Drought modulates interactions between arbuscular mycorrhizal fungal diversity and barley genotype diversity.

Sci Rep 2019 07 4;9(1):9650. Epub 2019 Jul 4.

German Centre for Integrative Biodiversity Research (iDiv) Halle-Jena-Leipzig, Deutscher Platz 5e, 04103, Leipzig, Germany.

Droughts associated with climate change alter ecosystem functions, especially in systems characterized by low biodiversity, such as agricultural fields. Management strategies aimed at buffering climate change effects include the enhancement of intraspecific crop diversity as well as the diversity of beneficial interactions with soil biota, such as arbuscular mycorrhizal fungi (AMF). However, little is known about reciprocal relations of crop and AMF diversity under drought conditions.
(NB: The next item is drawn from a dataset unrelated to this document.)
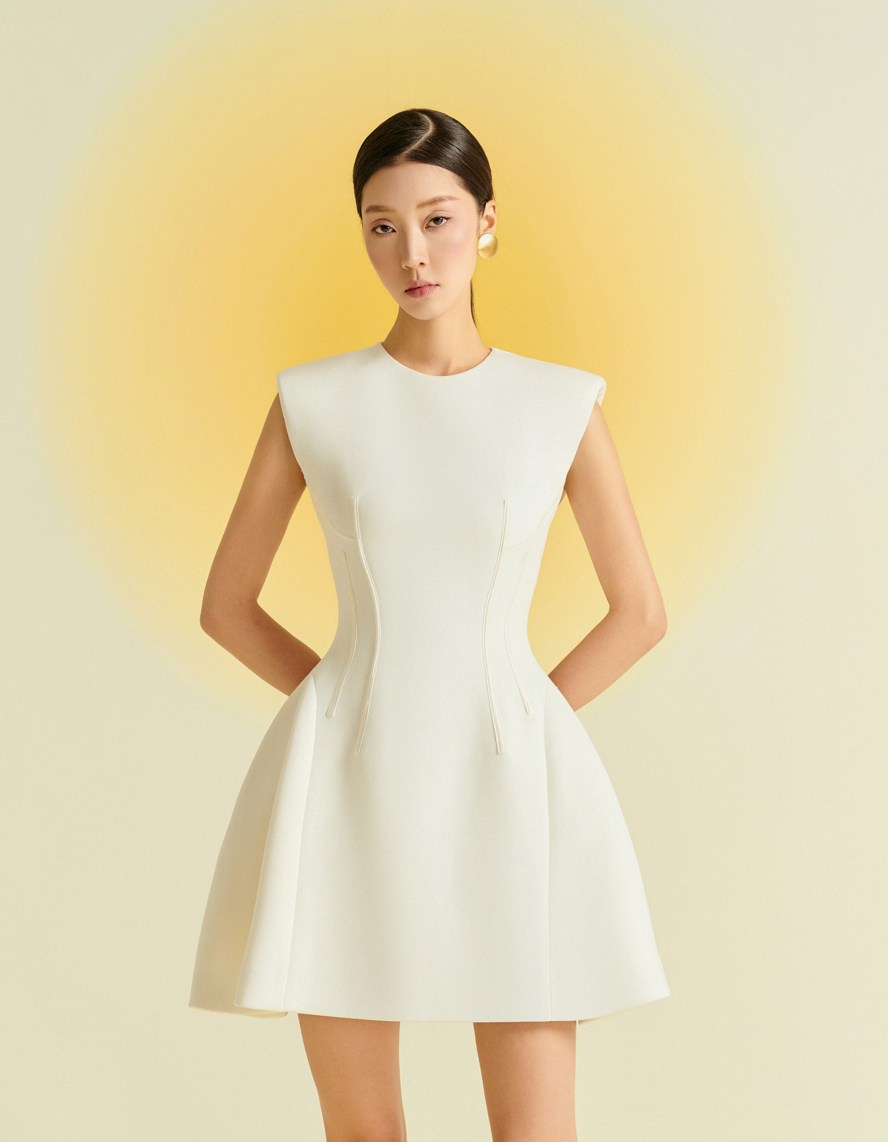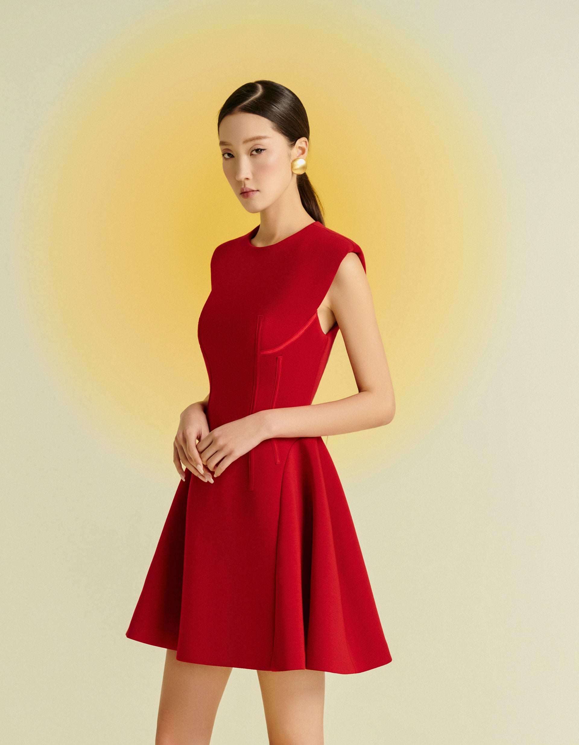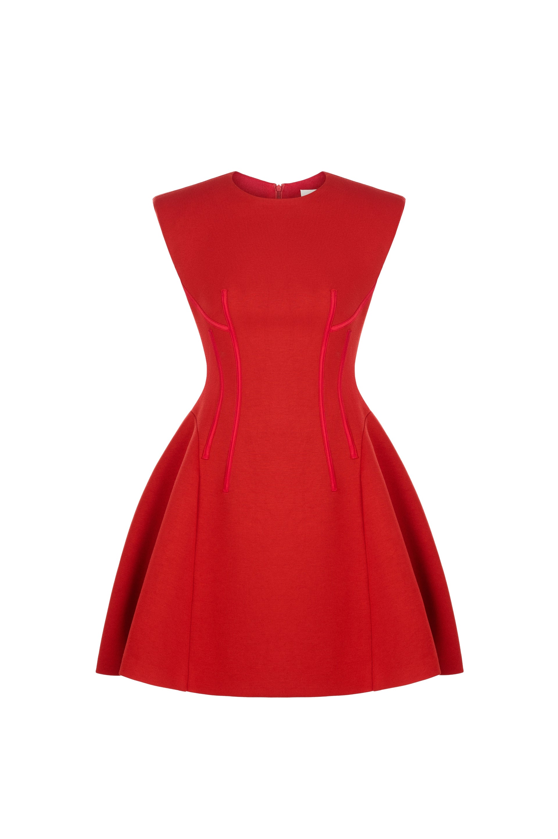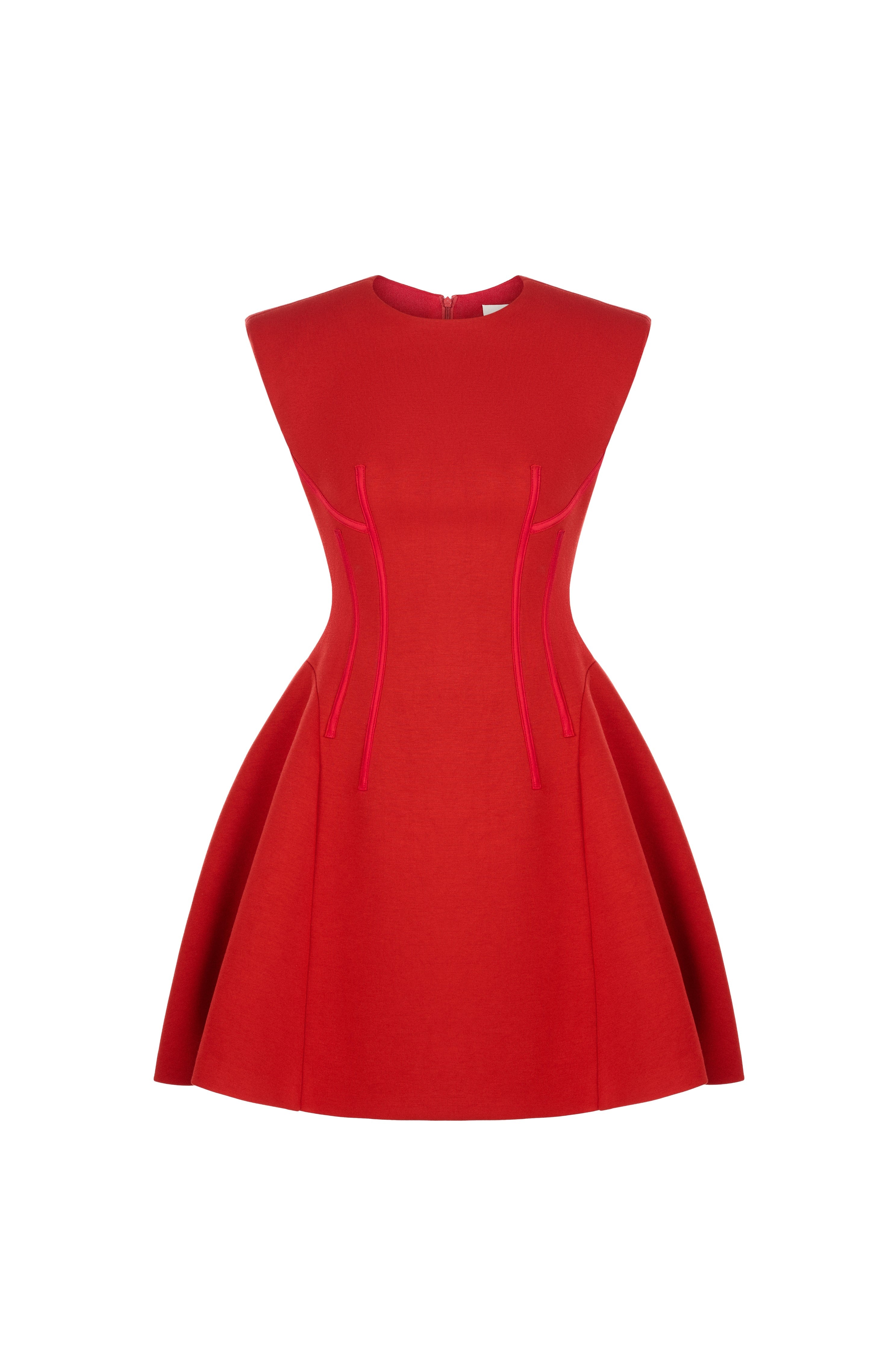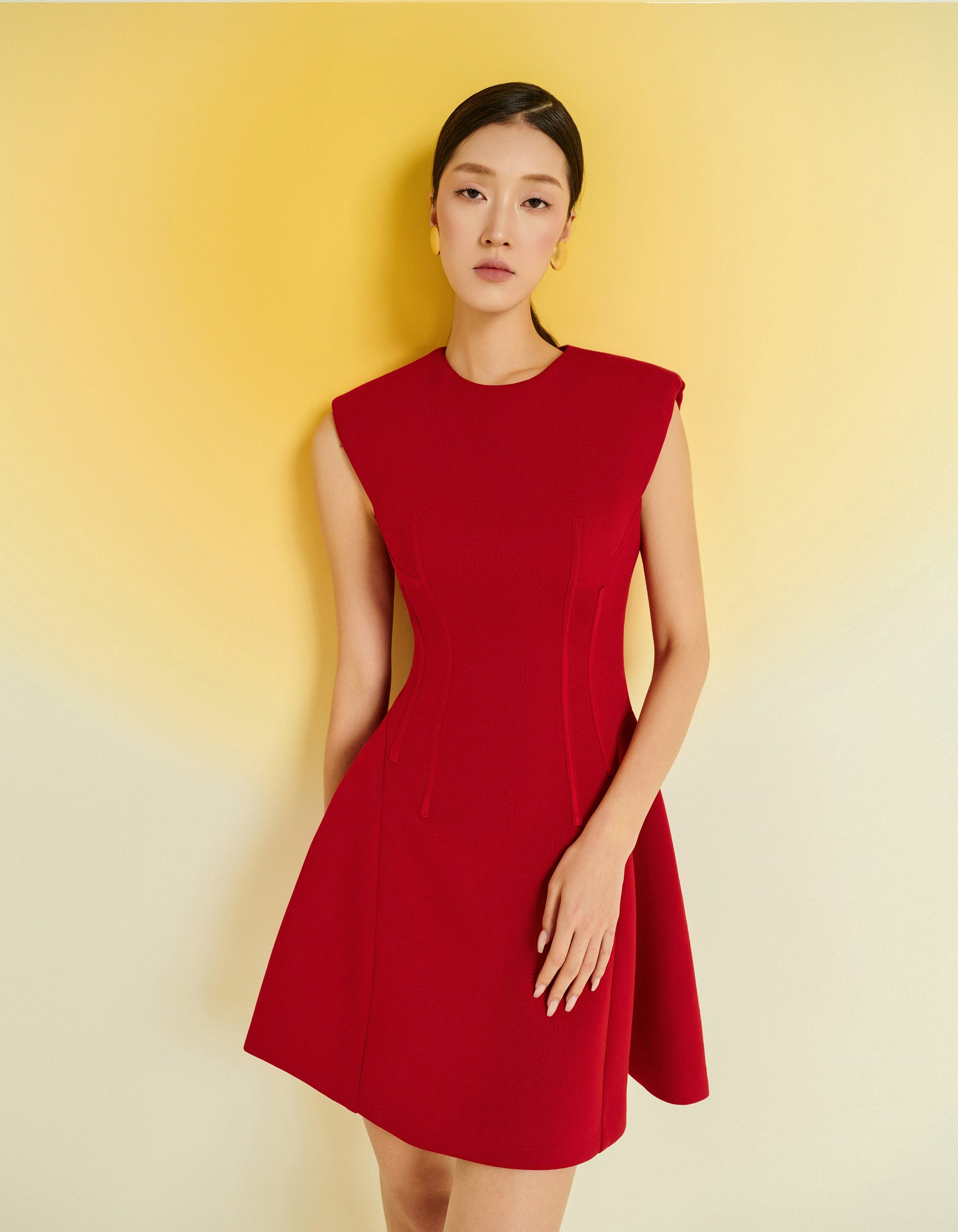 This sleeveless dress features a round neckline and a short, slightly flared hem for a youthful and feminine look. Crafted from premium stretch Umi fabric, it offers both comfort and style. Available in three colors: red, white, and black, this dress is perfect for modern, stylish women

To explore the interactive effects of plant genotype richness and AMF richness on plant yield under ambient and drought conditions, we established fully crossed diversity gradients in experimental microcosms. We expected highest crop yield and drought tolerance at both high barley and AMF diversity. While barley richness and AMF richness altered the performance of both barley and AMF, they did not mitigate detrimental drought effects on the plant and AMF. Root biomass increased with mycorrhiza colonization rate at high AMF richness and low barley richness. AMF performance increased under higher richness of both barley and AMF. Our findings indicate that antagonistic interactions between barley and AMF may occur under drought conditions, particularly so at higher AMF richness. These results suggest that unexpected alterations of plant-soil biotic interactions could occur under climate change.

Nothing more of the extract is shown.